Hay un brillo particular en sus miradas cuando cae la tarde y la pelota rueda bajo los focos encendidos. No hay cámaras, ni tribunas llenas pero hay dignidad. El viento levanta el polvo de la cancha, una bufanda violeta flamea en la reja, y alguien grita desde el banco: “¡Vamos, que falta poco!”.
En ese instante, el fútbol femenino argentino se parece a su propio país: imperfecto, desigual, lleno de talento y esperanza. Cada pase es una afirmación de existencia y cada gol, un pequeño acto de reparación.
En 2025, el fútbol femenino en Argentina vive un momento de expansión institucional, aunque contradictorio. Este año se presentó el segundo torneo de la Primera División A con un nuevo formato de zonas y fases eliminatorias, en el que participaron 17 equipos. Además, la Copa Federal Femenina — torneo que articula clubes de la primera división con equipos del interior del país — concretó una edición más, gracias al apoyo del programa de desarrollo de la FIFA, con lo que la visibilidad y cobertura del fútbol femenino se amplían más allá del conurbano bonaerense.

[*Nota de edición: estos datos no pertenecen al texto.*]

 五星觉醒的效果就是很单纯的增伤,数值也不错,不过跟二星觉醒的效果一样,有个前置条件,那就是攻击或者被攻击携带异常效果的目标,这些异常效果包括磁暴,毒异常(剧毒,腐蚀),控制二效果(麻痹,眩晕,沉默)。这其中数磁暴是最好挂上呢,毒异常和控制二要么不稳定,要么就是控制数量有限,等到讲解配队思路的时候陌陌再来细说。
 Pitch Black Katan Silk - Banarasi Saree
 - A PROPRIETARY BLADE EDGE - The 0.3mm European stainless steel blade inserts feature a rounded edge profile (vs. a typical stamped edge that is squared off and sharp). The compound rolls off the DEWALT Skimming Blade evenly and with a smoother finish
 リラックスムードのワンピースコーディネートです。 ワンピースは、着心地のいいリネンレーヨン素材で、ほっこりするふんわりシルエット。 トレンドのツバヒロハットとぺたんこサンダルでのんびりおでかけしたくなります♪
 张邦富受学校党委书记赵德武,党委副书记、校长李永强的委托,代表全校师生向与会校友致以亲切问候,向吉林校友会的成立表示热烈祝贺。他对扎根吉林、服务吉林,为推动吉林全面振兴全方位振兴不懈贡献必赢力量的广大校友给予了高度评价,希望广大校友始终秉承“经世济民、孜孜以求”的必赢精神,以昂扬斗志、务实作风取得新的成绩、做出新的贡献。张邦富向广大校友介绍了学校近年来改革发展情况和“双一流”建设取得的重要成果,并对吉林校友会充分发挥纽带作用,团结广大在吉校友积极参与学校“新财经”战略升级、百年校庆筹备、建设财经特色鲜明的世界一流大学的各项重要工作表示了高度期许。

Pero el crecimiento formal convive con viejas precariedades: según reportes recientes de 2025, buena parte de las jugadoras aún sostienen trabajos fuera del deporte, y muchos clubes siguen intentando cumplir con las exigencias de infraestructura, contratos y espacios exclusivos. Aun así, la apuesta se mantiene: desde la AFA se volvió a comprometer un proyecto de predio Maite Galarza exclusivo para las selecciones femeninas, con la esperanza de avanzar hacia una estructura más estable y profesional.
El año 2025, con sus aciertos e insuficiencias, retrata bien la paradoja actual: más espacios, torneos y oportunidades —pero también un largo camino por recorrer para que “ser profesional” deje de sonar a ideal y se transforme en derechos garantizados.

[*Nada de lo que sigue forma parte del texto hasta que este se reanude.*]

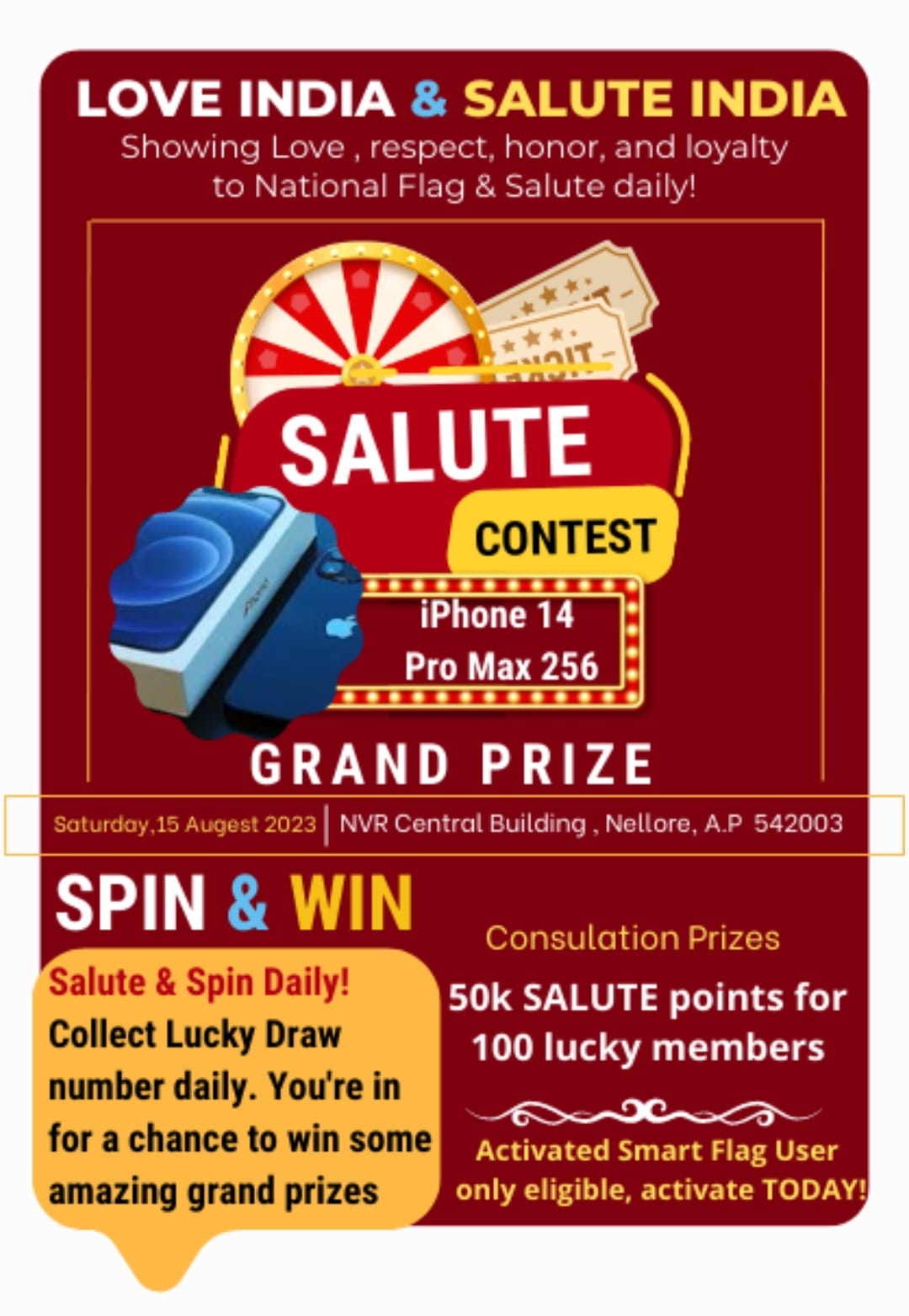 Members Can win Lucky Draw Prizes listed dates 100 prizes with Gift Items and salute Points❞

Aunque el futuro siga corriendo con la camiseta transpirada, hay una certeza que no se borra: el fútbol femenino ya no puede ser silenciado. Quizás, algún día, cuando ya no haya que aclarar si son profesionales y ellas mismas se rían de todo esto. Tal vez entonces las canchas huelan solo a pasto mojado y no a lucha. Mientras tanto siguen jugando. Porque cada pelota que echan a rodar es una promesa que tarde o temprano, el fútbol va a tener que cumplir.